Our goal is to help not only with the technical aspects of your financial life, but also to coach, lead, and provide accountability through the unending struggle against forces that pull at our financial decision making.


Big Questions

While we have been pleasantly surprised with investment performance to date and have optimism for the future, big questions remain (e.g., COVID-19, presidential election, etc.). A few investment-specific issues we’re watching and questions we’re being asked include:

  1. Why are stocks up when the economy is so bad? The short and standard answer is that markets are forward-looking and are pricing in future prospects for company earnings. Of course, market “bubbles” and crashes show that markets don’t always get it right or, at least, don’t always offer a smooth ride during this “pricing mechanism.” This article by Hartford Funds, “Slumping Economy, Surging Stock Market–What’s Going On?,” goes into more detail about the current stock market status.

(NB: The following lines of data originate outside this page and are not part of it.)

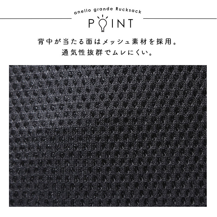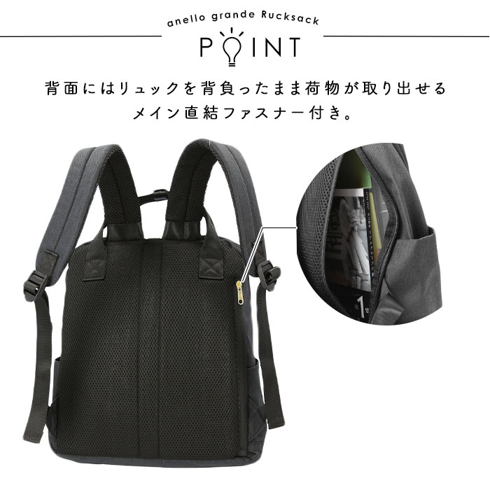 ・背面には、リュックを背負ったまま荷物が取り出せるメイン直結ファスナー付き!背中が当たる面はメッシュ素材で仕上げてあるため、通気性も抜群。
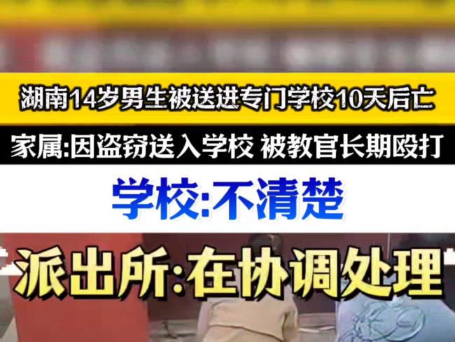 在矫正学校死亡的14岁少年 悲剧背后的监管裂痕。3月22日傍晚,株洲市天元区人民医院的走廊里,张梅颤抖的手掀开白色被单,14岁的儿子周希军蜷缩在冷硬的床板上。他的脸颊凹陷,肋骨根根分明,四肢布满青紫伤痕。这个因偷盗被送入“矫正学校”仅十天的少年,以极其惨烈的方式离开了世界。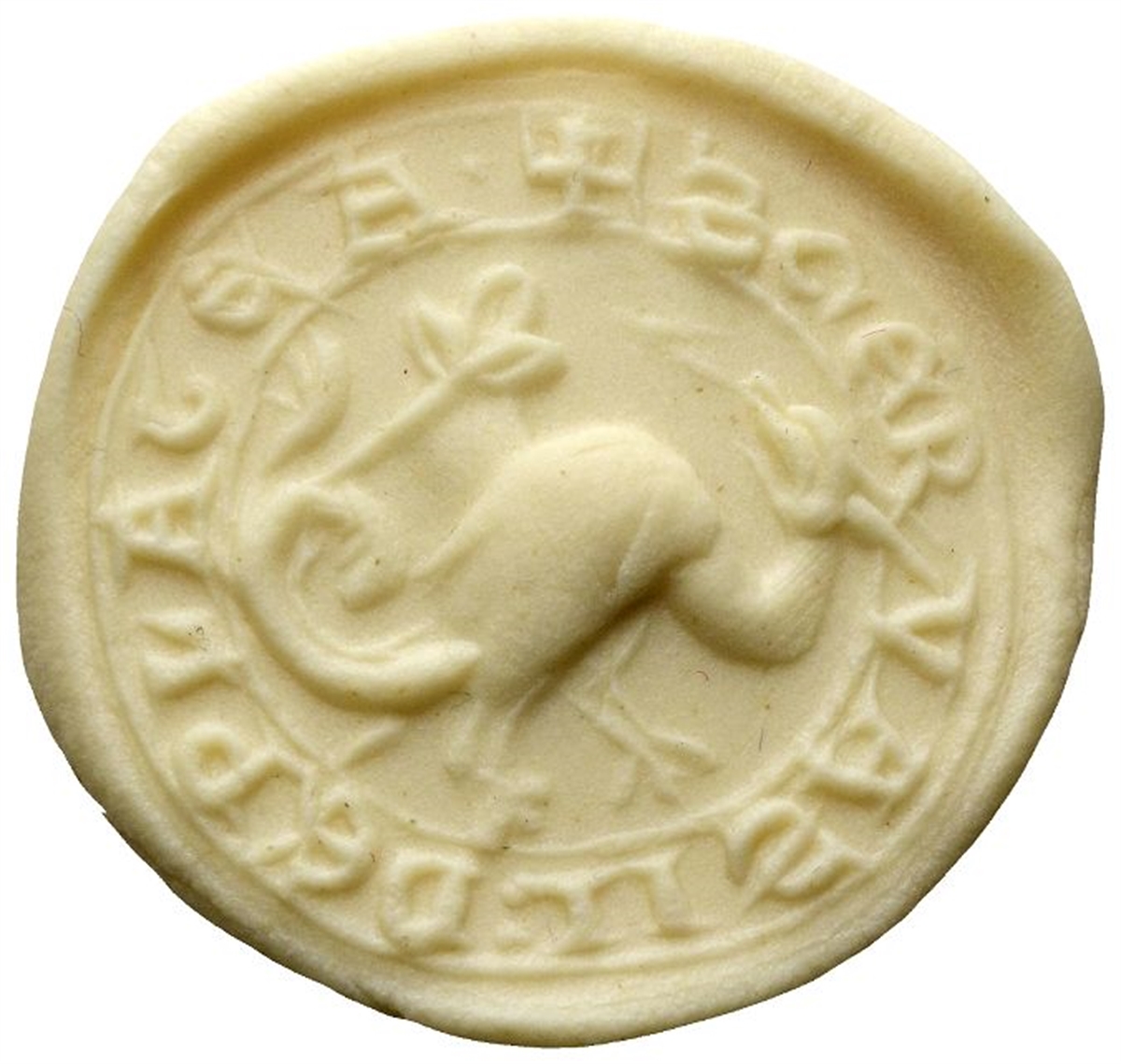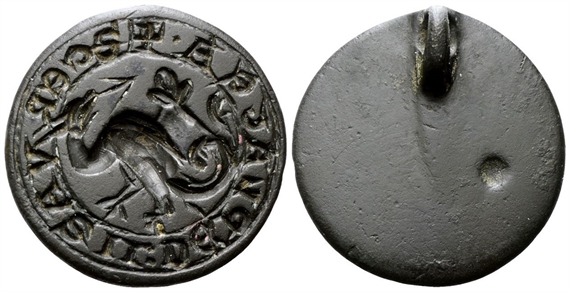 Dr. + S GERVAS IL• DE PLAtEA•. Drago con testa trafitta da una freccia.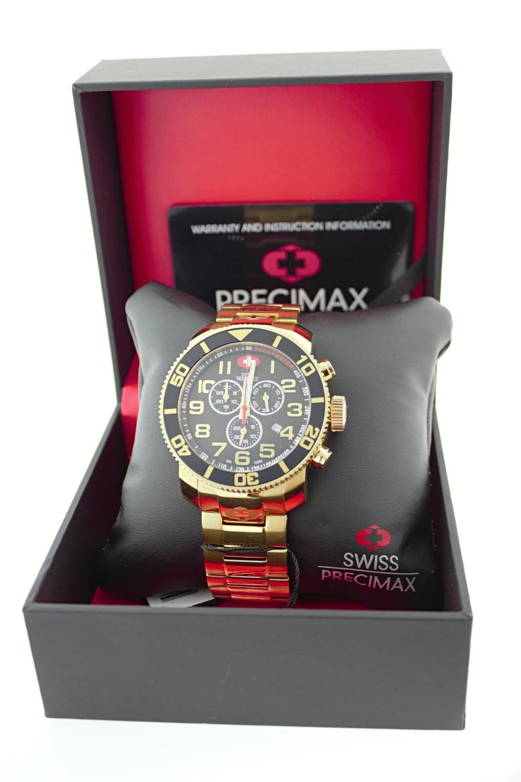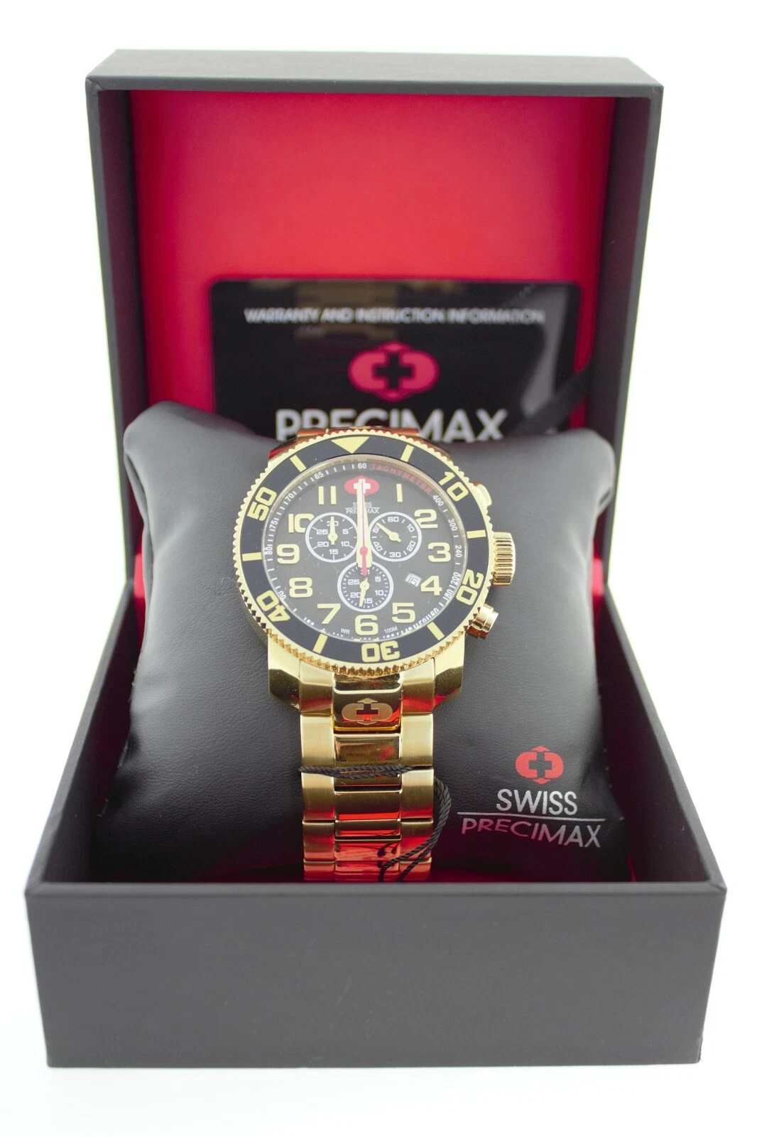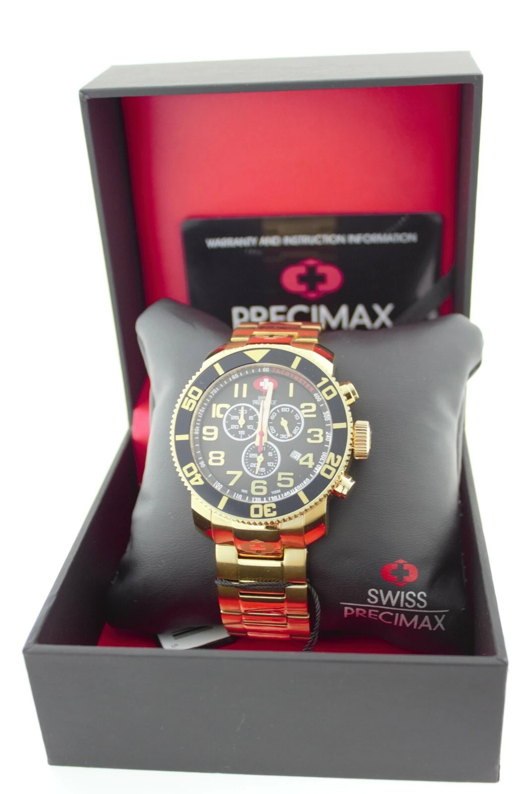 Swiss Precimax Men's Verto Pro SP13042 Black Dial with Gold Stainless Steel Band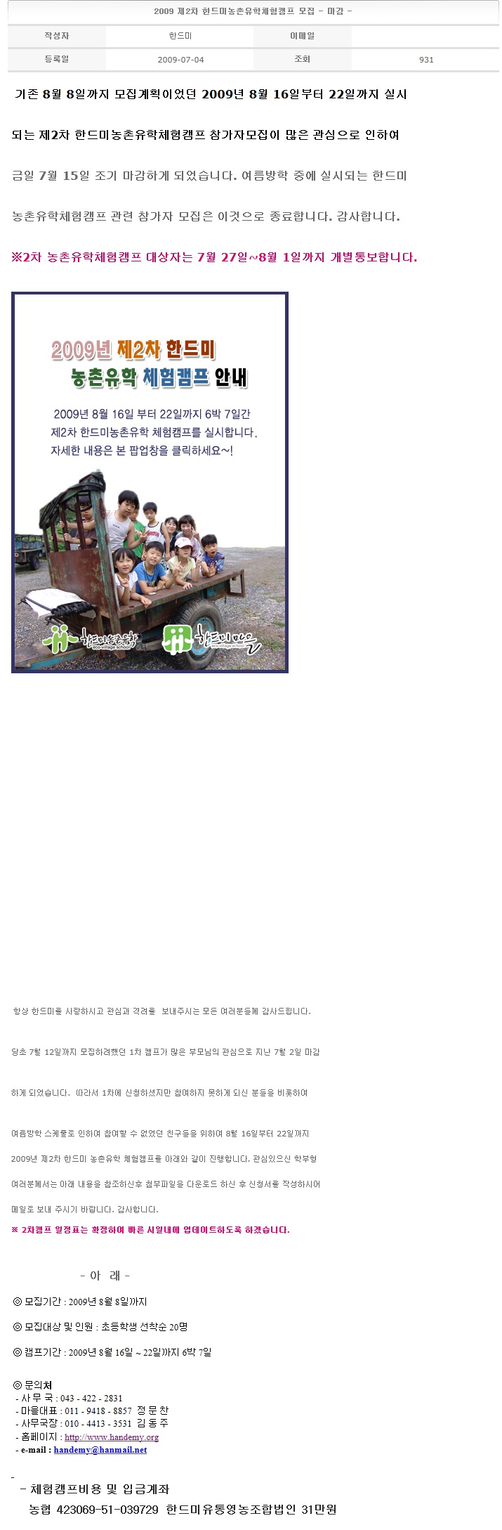 2009 제2차 한드미농촌유학체험캠프 모집 - 마감 - 2009-07-04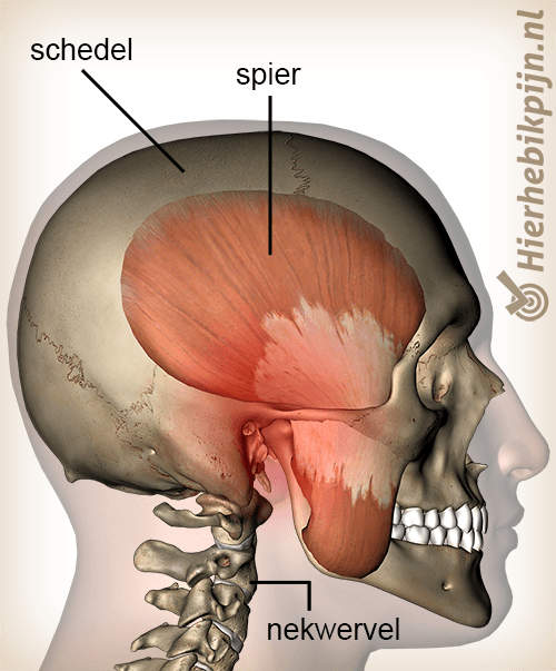 Vanuit de nek lopen verschillende spieren naar het hoofd toe. Deze zorgen ervoor dat we het hoofd in alle richtingen kunnen bewegen. In het hoofd zelf bevinden zich ook nog een hoop spieren waarmee we onder andere het gezicht, de ogen en de kaken kunnen bewegen. Van en naar de hersenen toe lopen bloedvaten, zenuwbanen en het ruggenmerg. De bloedvaten zorgen ervoor dat het hoofd en de hersenen van zuurstof en voedingsstoffen worden voorzien. De zenuwen en het ruggenmerg vervoeren en verwerken informatie die van het lichaam afkomstig. Zo kunnen we spieren aansturen en pijn waarnemen. Verschillende soorten hoofdpijn Wanneer spieren (langdurig) te strak gespannen staan kan dit leiden tot zogenaamde spanningshoofdpijn. De pijn kan ook afkomstig zijn vanuit een probleem met de zenuwen in de nek. Dat is bijvoorbeeld het geval bij cervicogene hoofdpijn. Hoofdpijn die ontstaat door migraine of medicijngebruik komen ook vaak voor. Clusterhoofdpijn kan hevige pijnscheuten rond het oog veroorzaken. Hoofdpijn rondom het oor kan het gevolg zijn van een slecht functionerend kaakgewricht.

  2. Is there another technology stock bubble? Speaking of bubbles...large company technology stocks have continued to drive market returns. The market’s recovery from March’s low was not broad-based, but rather, led by a small group of big tech players who now account for a significant portion of the S&P 500’s company weighting. As I wrote last year, this phenomena has given us caution and a lean toward value-oriented stocks, as well as managers with a valuation and profitability screen. However, Dimensional Fund Advisors (“DFA”), who actually is one of those value and profitability tilted managers, shows in their article, “Large and In Charge? Giant Firms atop Market Is Noting New,” that it is not unusual for a concentrated group of companies to lead the markets.

  3. Day traders in 2020? What’s up with Robinhood? A counterintuitive trend coming out of the early 2020 market crash is the rise of the new day trader, many of whom operate on the popular tech platform, Robinhood. Why are young people risking their life savings and financial foundation in the midst of tanking stock prices and an economic shut-down? One theory is that with the lack of sporting events (due to COVID), day traders began trading company stocks to fill the adrenaline void typically fulfilled by their favorite sports teams.

    Unlike the Robin Hood of fiction, who “stole from the rich to give to the poor,” short-term trading typically flows the other way. Small-time neophytes investing in stocks inevitably lose to the large professional players on Wall Street. Here’s an interesting podcast from Wall Street Journal on this new breed of day traders, "The Stock Market Is Wild. Investors Are Piling In."


Looking Ahead

Could the second half of 2020 be as tumultuous than the past six months? It seems hard to imagine, but whatever may be around the bend, we’ll be here to offer our best service and advice as we negotiate it together.